Как мясо пёс, рывок – и съем!
Я жду со ртом разъятым,
ещё не зная, будет чем:
лекарством или ядом.
Лекарством порой могут быть иные стихи Винокурова: пронизанные спокойствием стоицизма и всепринятия жизни, каковой бы стороной ни поворачивалась.
Хорошо мерцает амбивалентность жизни:
Я жизнь свою, как бритву, тонко правил:
хотел, чтоб без зазубринки была…
Жизнь оказалась просто шире правил
любых! Она черна. Она бела.
Крупно зажигал поэтические огни Винокуров, и стоит, как бы ни крутили апоэтические времена, вглядеться в их свет.

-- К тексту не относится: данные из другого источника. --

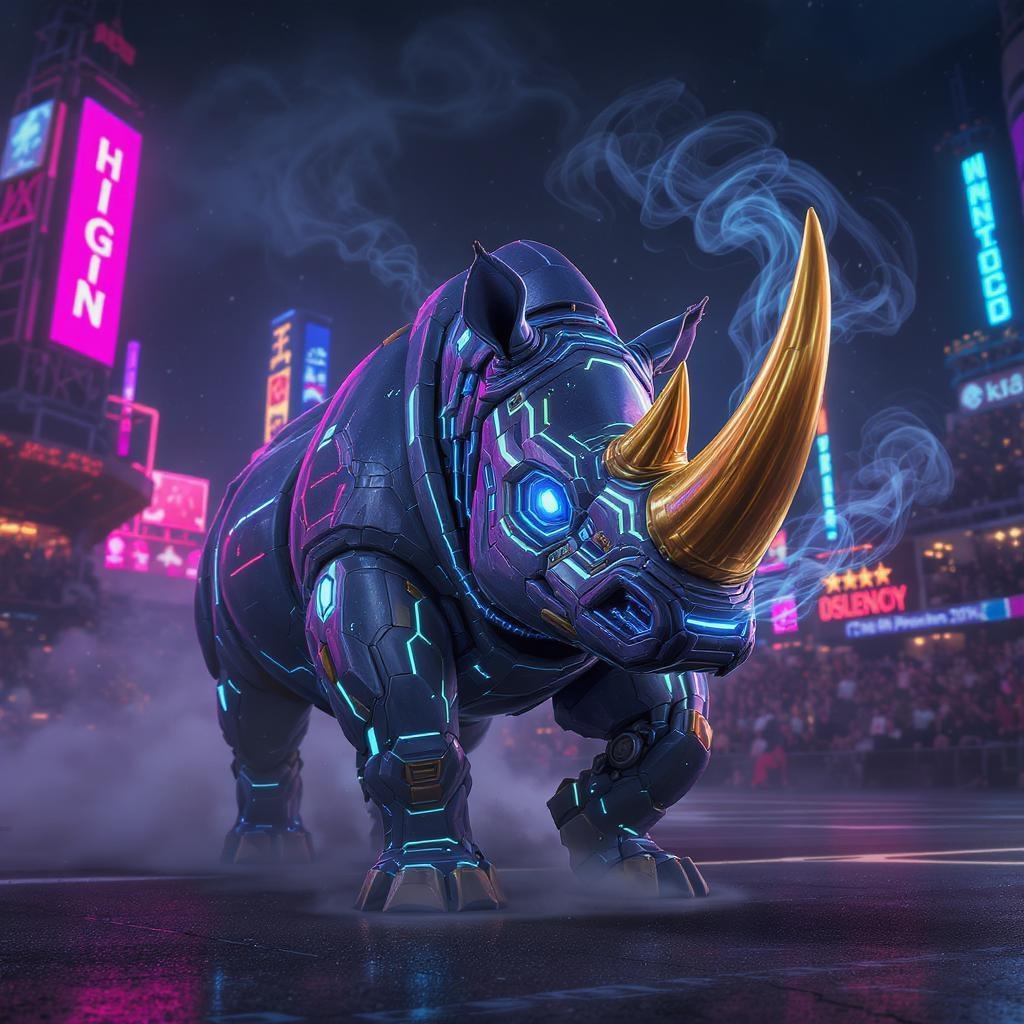 A cybernetic rhino with luminous eyes and a radiant gold horn, dynamic and esport-themed, exuding a sense of power with swirling smoke emerging from its nostrils, set against a neon-lit cityscape backdrop, capturing the vibrant energy of a digital arena.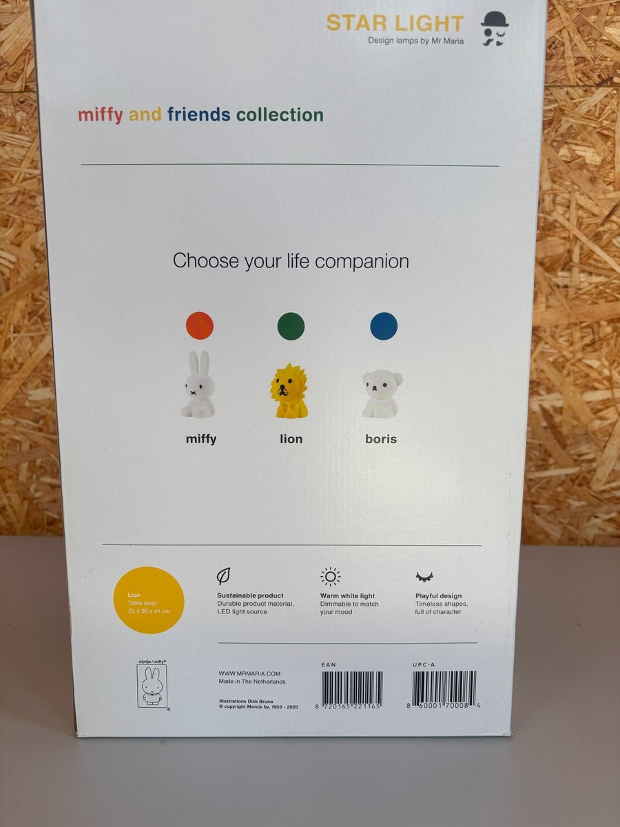 2 stk. Lion Star Light. Med. berøringsdæmperknap på strømkablet til at vælge én af ​​de 6 lysstyrkeindstillinger. Den sidste lysstyrkeindstilling, nattilstanden, er en ekstremt blød glød, som du kan lade stå om natten. Nypris ca. 1.000kr per stk. Lampen måler B25 x H41 x D30 cm. Ubrugt.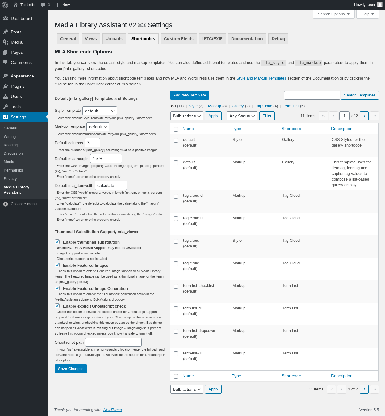 | URL | /wp-admin/options-general.php?page=mla-settings-menu-shortcodes&mla_tab=shortcodes |

КОСМОС КОНСТАНТИНА ВАНШЕНКИНА
Особый глазомер: отчасти по-хорошему хищный – на все детали мира, но и нежный, как снег, который живописуется одновременно – через своеобразное исследование:
Он был зимой прекрасен, а весною
Лишился он величья своего.
И небо занялось голубизною
Над серыми просторами его.
Сползает снег в глубокие овраги,
Под солнцем ослепительным спеша.
Так сходит вдруг ненужный слой бумаги
С переводной картинки малыша…
Ваншенкину шла краткость.
Лапидарность линейных строк, наполненных объёмным содержанием мира, столь прекрасного, что дыхание замирает.
Знаменитые ритмы песни дают меру той бодрости, которая позволяет преодолеть любые каверзы бытия или – почти любые:
В звоне каждого дня
Как я счастлив, что нет мне покоя!
Есть любовь у меня,
Жизнь, ты знаешь, что это такое.
Как поют соловьи,
Полумрак, поцелуй на рассвете.
И вершина любви –
Это чудо великое – дети!
Бесхитростно?
Да.
Нет переусложнения, которого требовал век, всё впрямую – но в этой прямоте столько подлинности, солнечного трепета и живого огня, что никаких сложностей и не требуется…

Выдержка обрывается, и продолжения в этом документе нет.